I’ve been using Librenms for some weeks now, and I can’t figure out how to resolve my problem.

Brief explaination of our infrastructure :

  • each server run under Ubuntu 18.04 LTS and Apache.
  • we have 1 librenms central server. No performance tunning, fresh install. This server is the database, RRD, and memcached server.
  • we have 1 poller, with librenms installed in every client we want to monitor. No performance tunning, fresh install. In config.php, we tells the poller to send data to the central server.

We use distributed polling mode, and each poller use central database server. Idem for RRD et MemCached.
Everything is working well, except that we have a lot of false positive with our remote monitored servers.

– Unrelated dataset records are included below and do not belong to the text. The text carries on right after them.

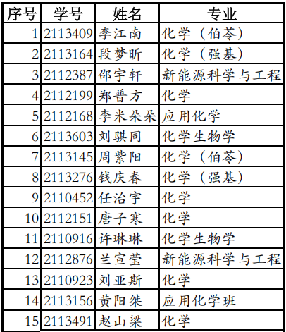 抽取的15位同学名单如下:
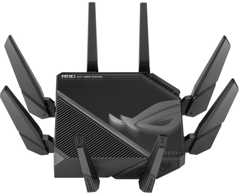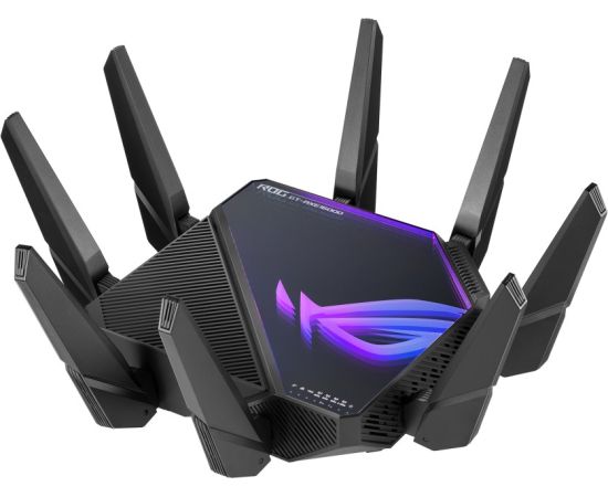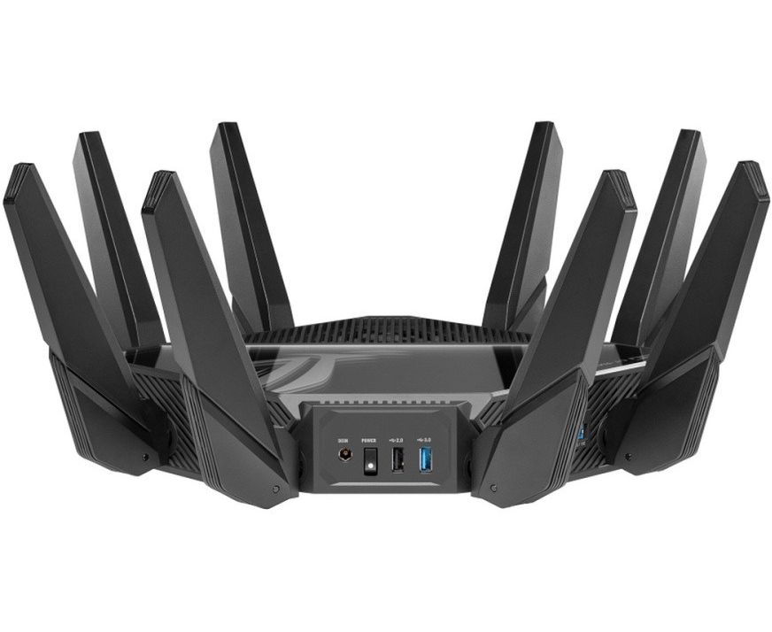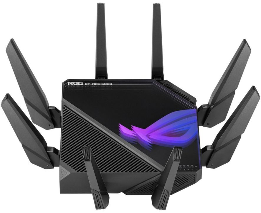 Первый в мире четырехдиапазонный маршрутизатор Wi-Fi 6E: общая скорость передачи данных по сети Wi-Fi достигает 16000 Мбит/с. Поддержка частотного диапазона 6 ГГц: выше скорость, ниже латентность, менее загруженный эфир. Технология ASUS RangeBoost Plus: расширенный охват беспроводной сети.
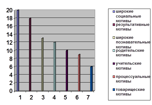 У детей, поступающих в школу, преобладают широкие социальные мотивы, отражающие внутреннюю позицию школьника, связанную с потребностью ребенка занять новое положение среди окружающих и выполнять связанную с этим серьезную общественно значимую деятельность [6].
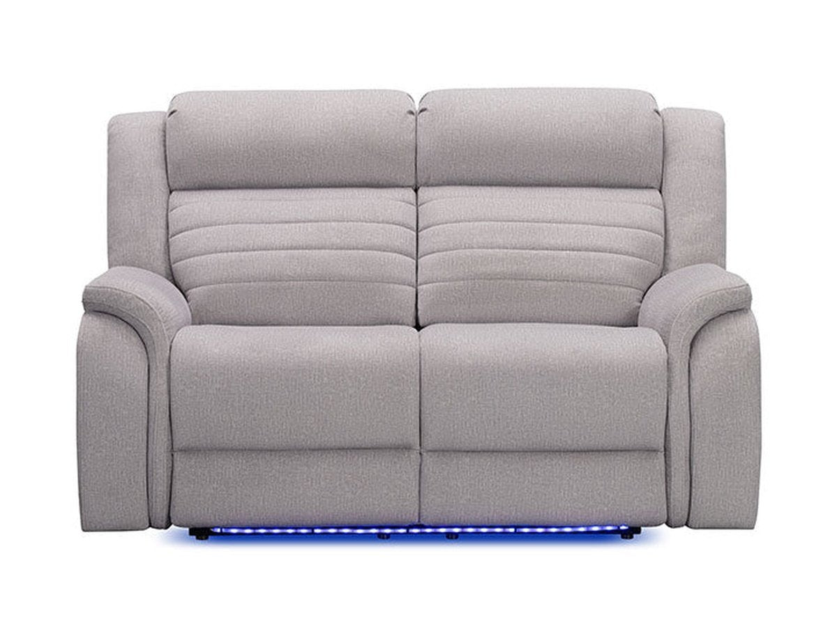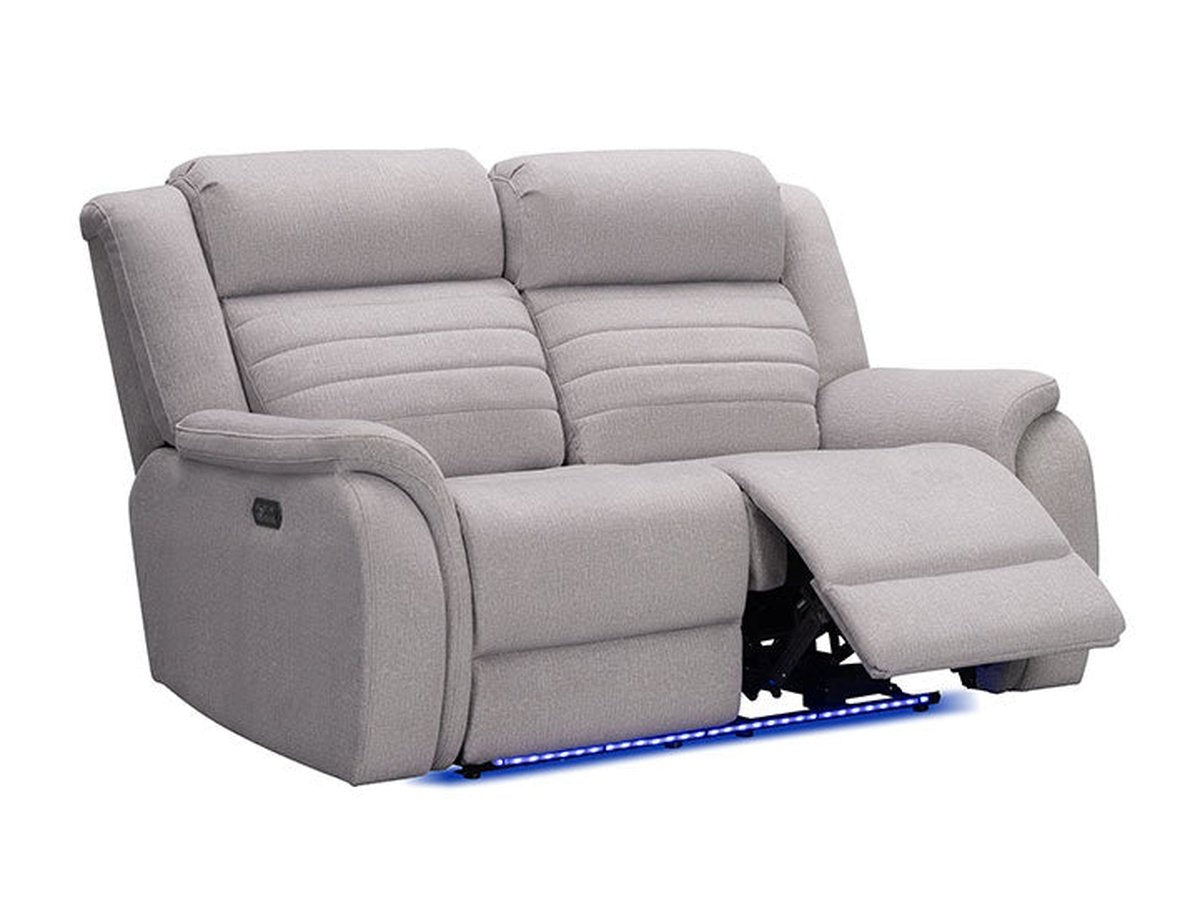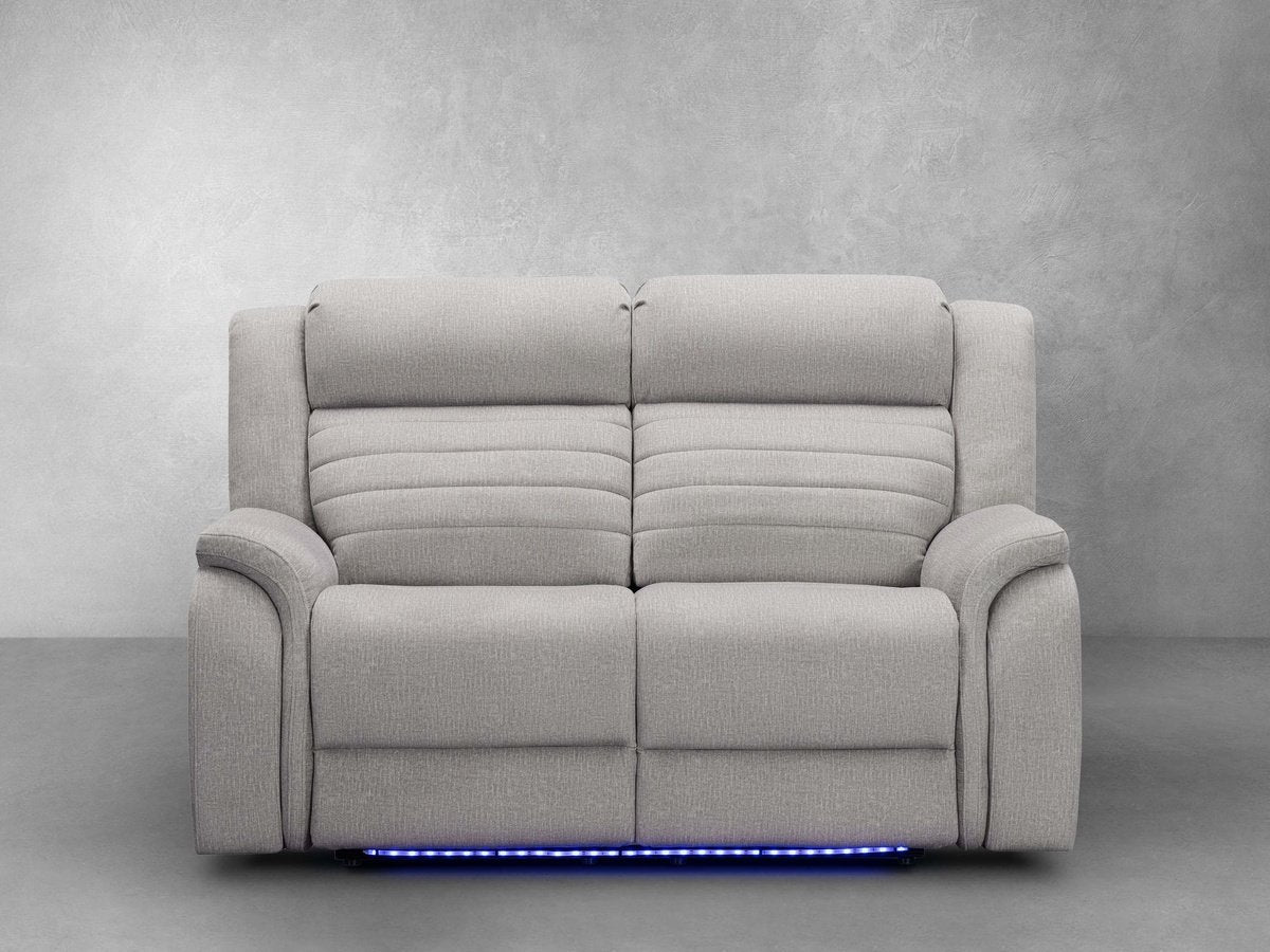 Elevate a transitional living room into a restful retreat with the Tristan Power Reclining Loveseat with Heat and Massage. Perfect for entertainment rooms and movie-watching experiences, this loveseat boasts a built-in blue light that illuminates from beneath the base, creating visibility and soothing ambience. Under the padded armrests and dense foam cushions is a heating and massaging mechanism, elevating the relaxation. A gray tone polyester fabric offers a soft and smooth surface to rest, as well as a neutral color palette for existing decor. Complete your living room with the Tristan Reclining Chair and Reclining Sofa.

It is funny that each 1min, the status goes to down from icmp check after it says that devices is up from icmp check. And with a frequency of 4 minutes. So we have those cycles :

I really do not know how to make that work… and I am sure that my servers are up, so it comes from my configuration…

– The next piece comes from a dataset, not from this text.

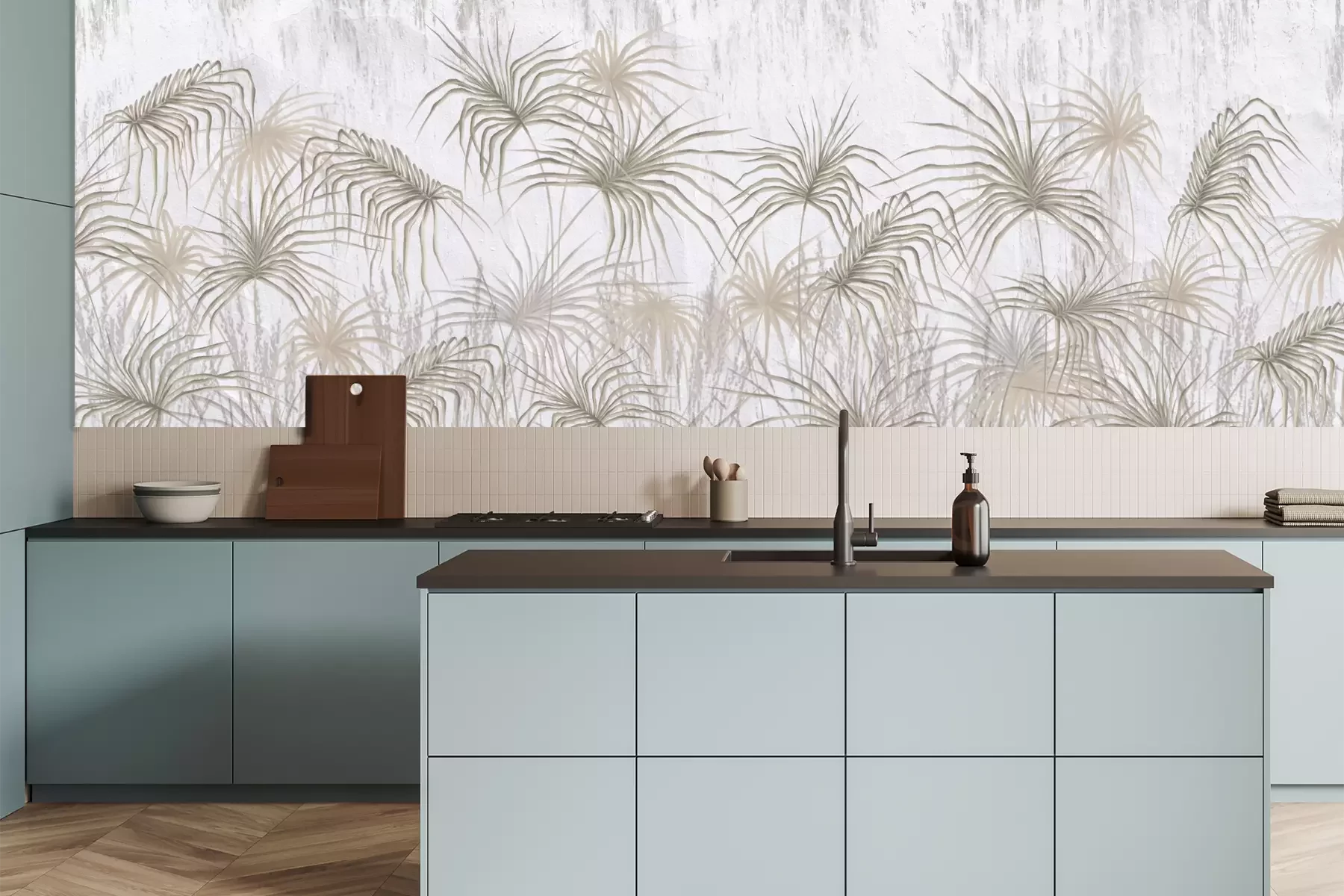 Het materiaal Premium is een glad vinyl op vlies, dat bestand is tegen uitrekken en vervorming. Het is dampdoorlatend – de muren kunnen vrij ademen – waardoor het geschikt is voor gebruik in de keuken en badkamer. Bij vervuiling kan het materiaal worden afgenomen met een vochtige doek. De maximale breedte van één baan bedraagt 95 of 105 cm, afhankelijk van de beschikbaarheid. Montage vindt plaats met de rand-aan-rand methode, wat een esthetisch resultaat zonder zichtbare naden oplevert. Omdat de lijm rechtstreeks op de muur wordt aangebracht, verloopt de installatie van het fotobehang snel en eenvoudig.

The only thing from the validate which is not good is for the memcached php, but I install it, and even if I try to reinstall it, it says that it’s already installed. So maybe the problem come from there?
It tells that “Missing php extension: memcached”. The problem is either on central server or poller node.

I do not find my answers there, so I create this thread.

Regards,

Thr0yr

Edit : Okay, it seems that someone on our departement changed the cron job… right now, everything is great! In fact, the poller did a polling each 5 min, but the central did icmp check each minutes…

Hi @guillaume-minesales

Not sure if this is fixed already, referencing this post:

That may be the cause for it, if you have every poller trying to ping every device it will cause these false positives. I have come accross this a few times with different installs so I worked with others to update the docs here:

NOTE : If you are using distributed pollers you can restrict a poller to a group by appending -g to the cron entry. Alternatively, you should only run ping.php on a single node.

This should fix the issue if you still see it.

Hi @garysteers

Thanks for the answer, but in fact my issue was due to two cron job (one on poller and one on central). One cron was set to 1 minute frequency and the second one to 5 minute frequency. This is why I had this false positive.